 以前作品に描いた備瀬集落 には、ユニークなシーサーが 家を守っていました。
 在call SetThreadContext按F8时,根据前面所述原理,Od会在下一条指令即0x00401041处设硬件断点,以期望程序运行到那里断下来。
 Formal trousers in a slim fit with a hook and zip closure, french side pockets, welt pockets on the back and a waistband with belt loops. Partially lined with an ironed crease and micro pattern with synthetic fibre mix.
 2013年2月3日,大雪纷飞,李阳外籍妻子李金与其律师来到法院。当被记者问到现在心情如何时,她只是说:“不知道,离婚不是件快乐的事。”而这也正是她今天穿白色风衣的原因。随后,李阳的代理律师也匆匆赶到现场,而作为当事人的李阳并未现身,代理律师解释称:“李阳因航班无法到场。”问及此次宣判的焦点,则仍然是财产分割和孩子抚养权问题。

◆ ◆ ◆

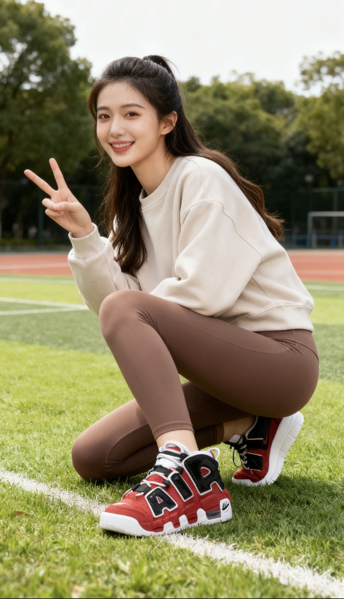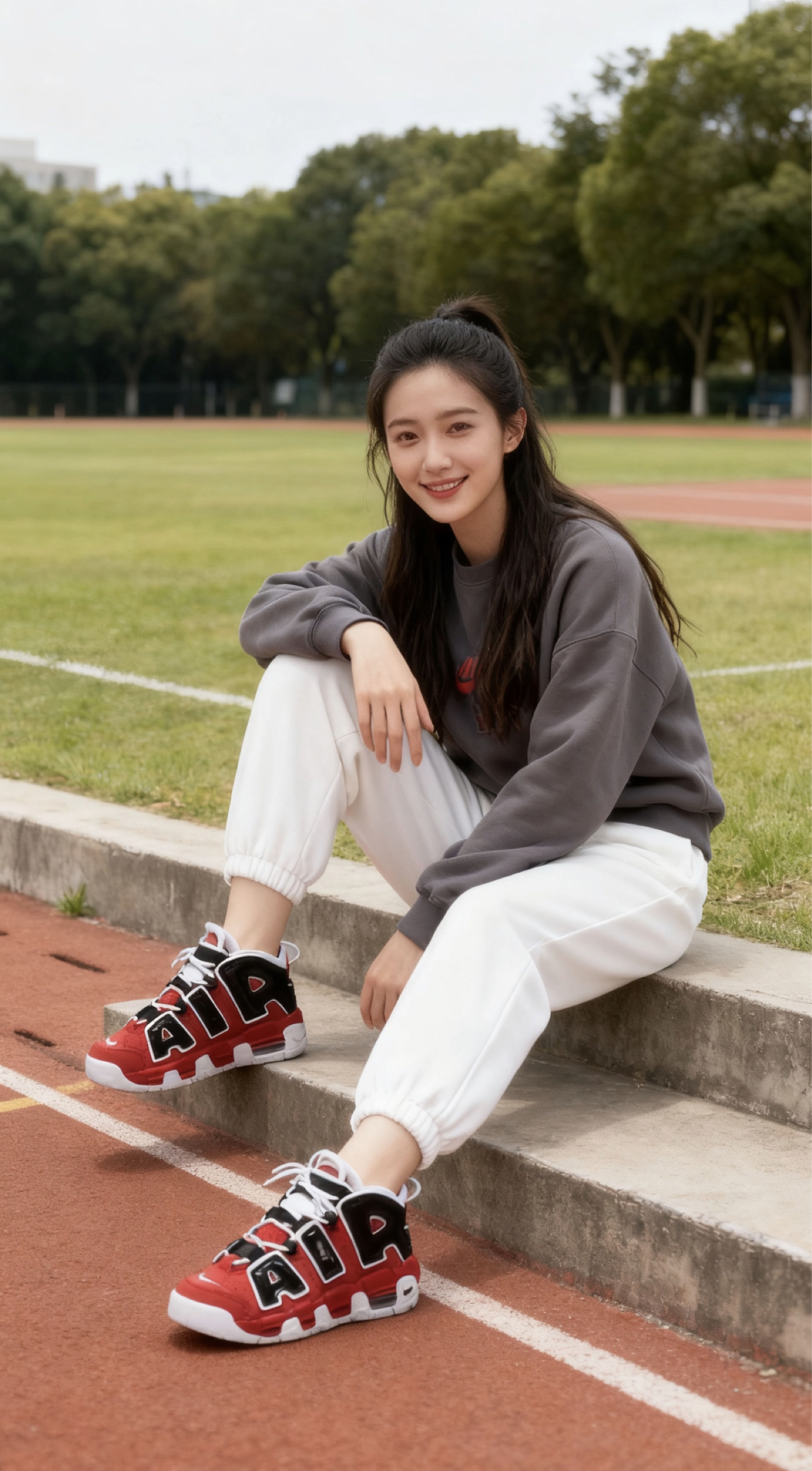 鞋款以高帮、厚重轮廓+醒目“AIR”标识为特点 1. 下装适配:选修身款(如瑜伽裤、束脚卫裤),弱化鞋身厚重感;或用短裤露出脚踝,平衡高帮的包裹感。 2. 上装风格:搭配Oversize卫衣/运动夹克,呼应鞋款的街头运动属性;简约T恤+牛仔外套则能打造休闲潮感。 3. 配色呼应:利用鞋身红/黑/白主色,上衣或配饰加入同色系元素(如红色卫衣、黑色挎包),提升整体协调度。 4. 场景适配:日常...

◆ ◆ ◆

Exercise description →
Please output the lines of the listing above that fall in the stretch from the one with "以前作品に描いた備瀬集落 には、ユニークなシーサーが 家を守っていました。" through the one with "2013年2月3日,大雪纷飞", exactly and only those.

Response →
 以前作品に描いた備瀬集落 には、ユニークなシーサーが 家を守っていました。
 在call SetThreadContext按F8时,根据前面所述原理,Od会在下一条指令即0x00401041处设硬件断点,以期望程序运行到那里断下来。
 Formal trousers in a slim fit with a hook and zip closure, french side pockets, welt pockets on the back and a waistband with belt loops. Partially lined with an ironed crease and micro pattern with synthetic fibre mix.
 2013年2月3日,大雪纷飞,李阳外籍妻子李金与其律师来到法院。当被记者问到现在心情如何时,她只是说:“不知道,离婚不是件快乐的事。”而这也正是她今天穿白色风衣的原因。随后,李阳的代理律师也匆匆赶到现场,而作为当事人的李阳并未现身,代理律师解释称:“李阳因航班无法到场。”问及此次宣判的焦点,则仍然是财产分割和孩子抚养权问题。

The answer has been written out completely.